SUPPLIED RECORDS ::

---------------

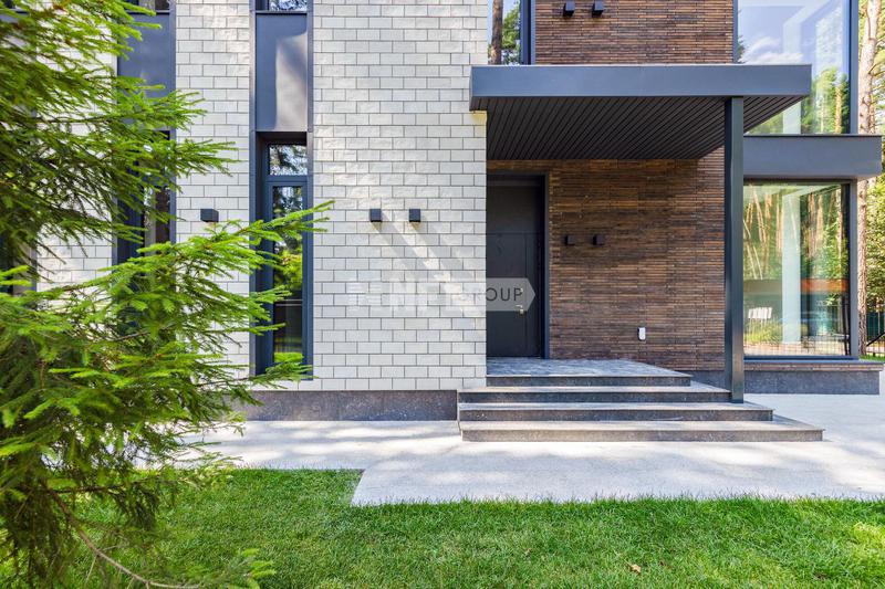Угловой трехэтажный таунхаус "под ключ" на просторном участке 5 соток в КП "Парк Авеню". Современная архитектурная концепция. Фасад облицован натуральным камнем и деревом. Большие панорамные окна ориентированы на три стороны. Во внутренней отделке - исключительно премиальные материалы, дорогая мебель, встроенная бытовая техника, сантехника.
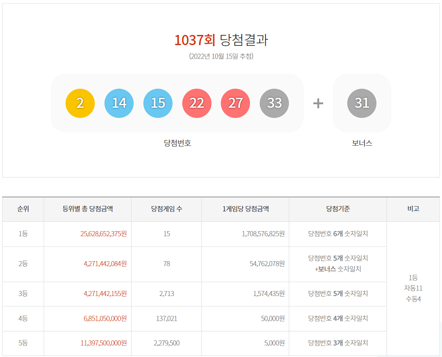• 로또 1등 당첨게임 수 : 15게임 ( 당첨금액 : 1,708,576,825원)
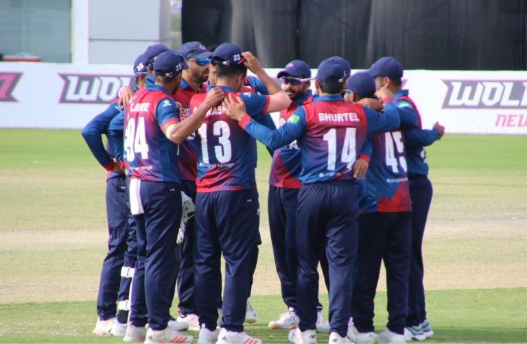 सन्दीप लामिछाने ७ रनमा आउट भए । आरिफ शेख १५ रनमा आउट भए । भीम सार्की ३८ बलमा ४ चौकासहित ४४ रनमा आउट भए । नेपालले अव आइतबार युएई, सोमबार पपुवा न्युगिनी र बिहीबार युएईसँग खेल्नेछ ।
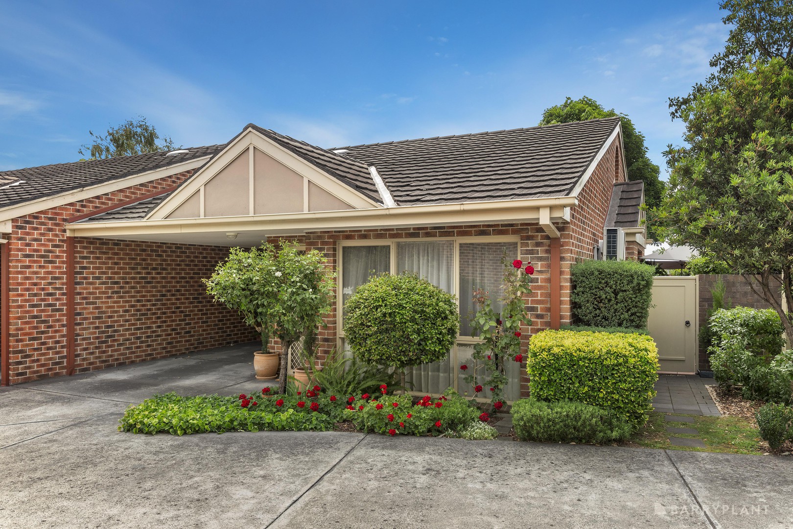 The home comprises two generous bedrooms with built-in robes, serviced by a central bathroom and separate laundry, with soft carpeting underfoot. Additional features include high ceilings, double blinds, split system heating and cooling, an undercover carport, a neatly maintained front garden, and a large garden shed for additional storage. Also included in the sale is a selection of outdoor furniture, pots, plants, and white goods.
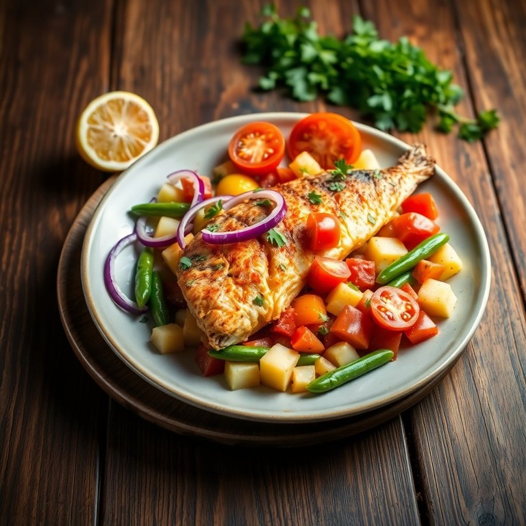 Pescado a la Veracruzana con Ejotes y Papas
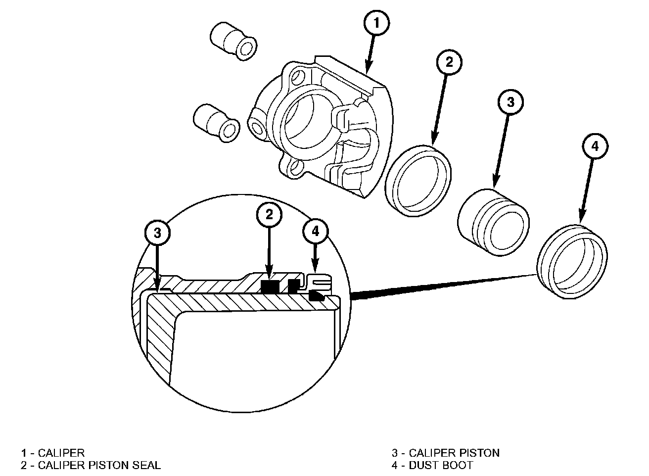CAUTION: If the caliper piston is replaced, install the same type piston in the caliper. Never interchange phenolic resin and steel caliper pistons. The pistons, seals, seal grooves, caliper bore and piston tolerances are different.
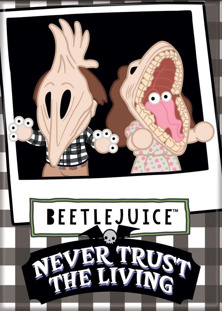 This is a licensed 2.5″ x 3.5″ magnet featuring an image from the comedy/fantasy/horror movie Beetlejuice. It is new and unused and stored in a smoke and pet free environment.
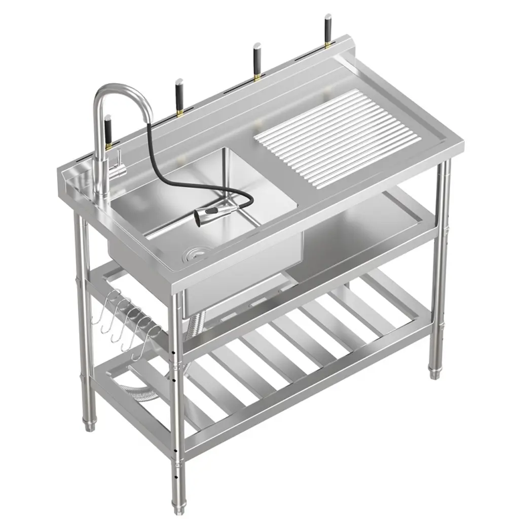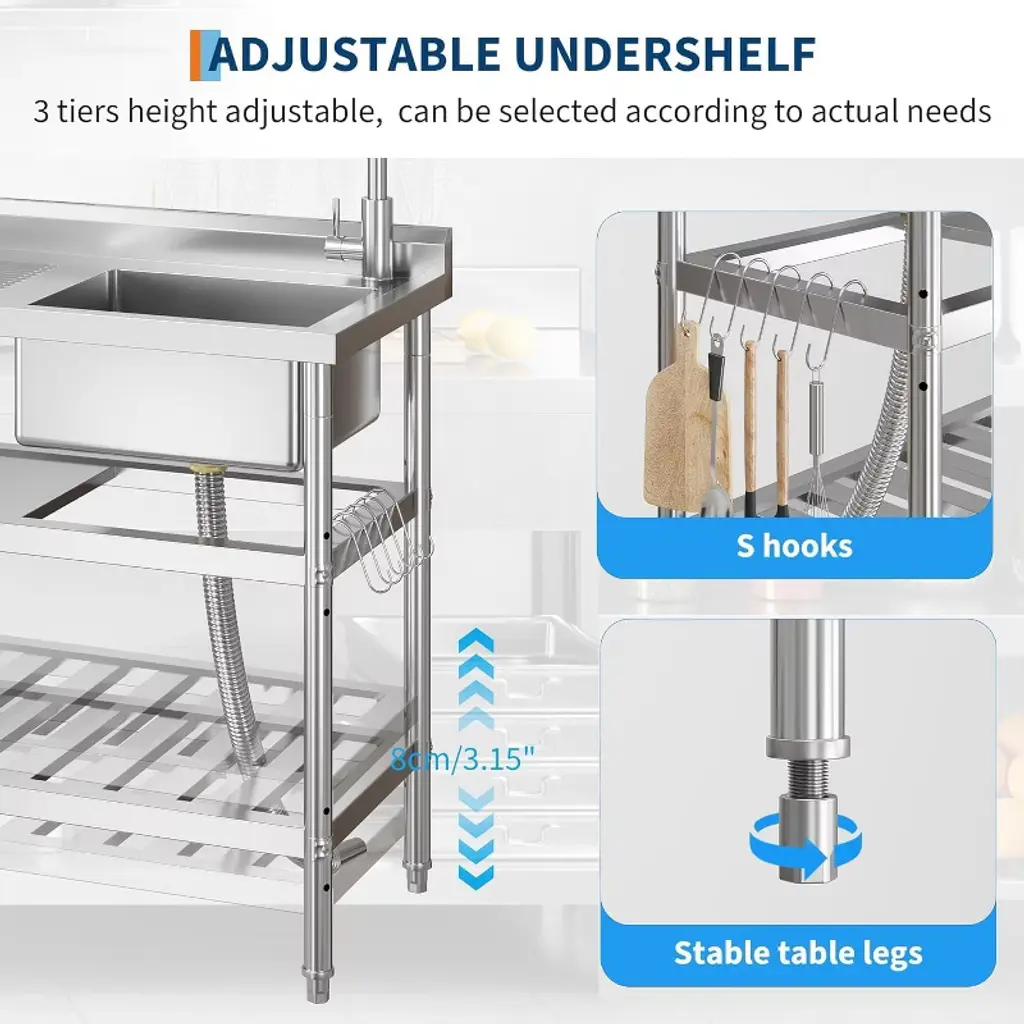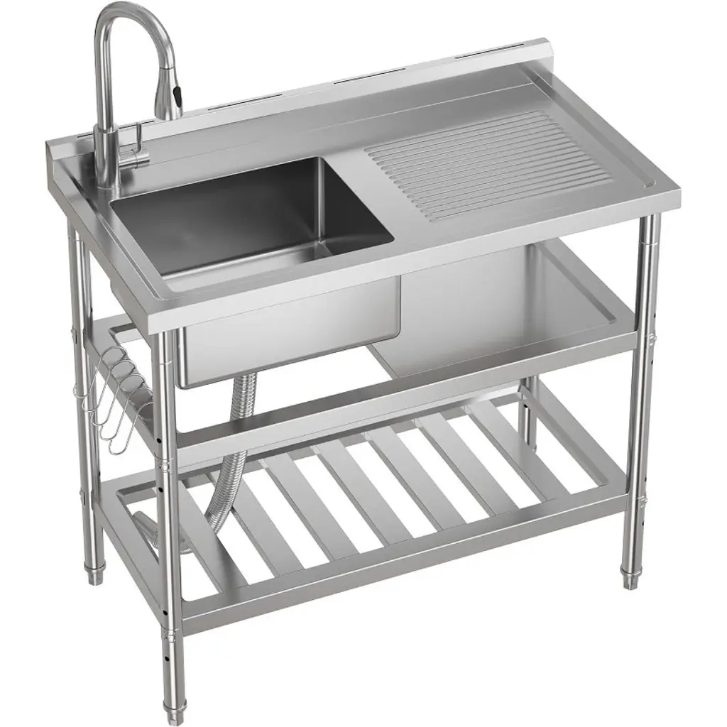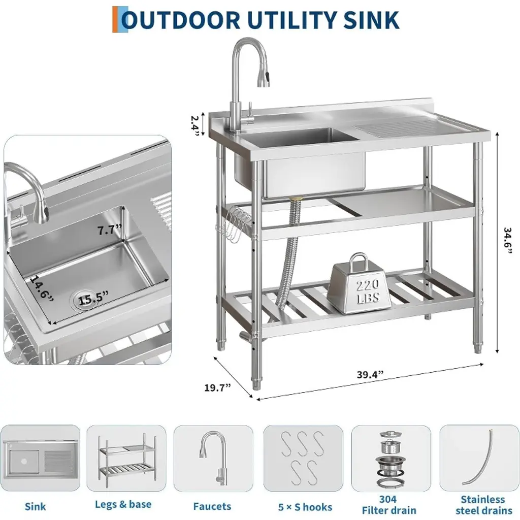 Coucheta Freestanding Single Bowl Utility Sink, 39.4"x19.7"x34.6" Stainless Steel W/ Pull-out Faucet, S-hooks, Shelf, Adjustable Legs

---------------

Starting at the first line of the material, output exactly the lines up to and including the one with "당첨금액 : 1,708,576,825원)". Do not include the pictures.

Угловой трехэтажный таунхаус "под ключ" на просторном участке 5 соток в КП "Парк Авеню". Современная архитектурная концепция. Фасад облицован натуральным камнем и деревом. Большие панорамные окна ориентированы на три стороны. Во внутренней отделке - исключительно премиальные материалы, дорогая мебель, встроенная бытовая техника, сантехника.
• 로또 1등 당첨게임 수 : 15게임 ( 당첨금액 : 1,708,576,825원)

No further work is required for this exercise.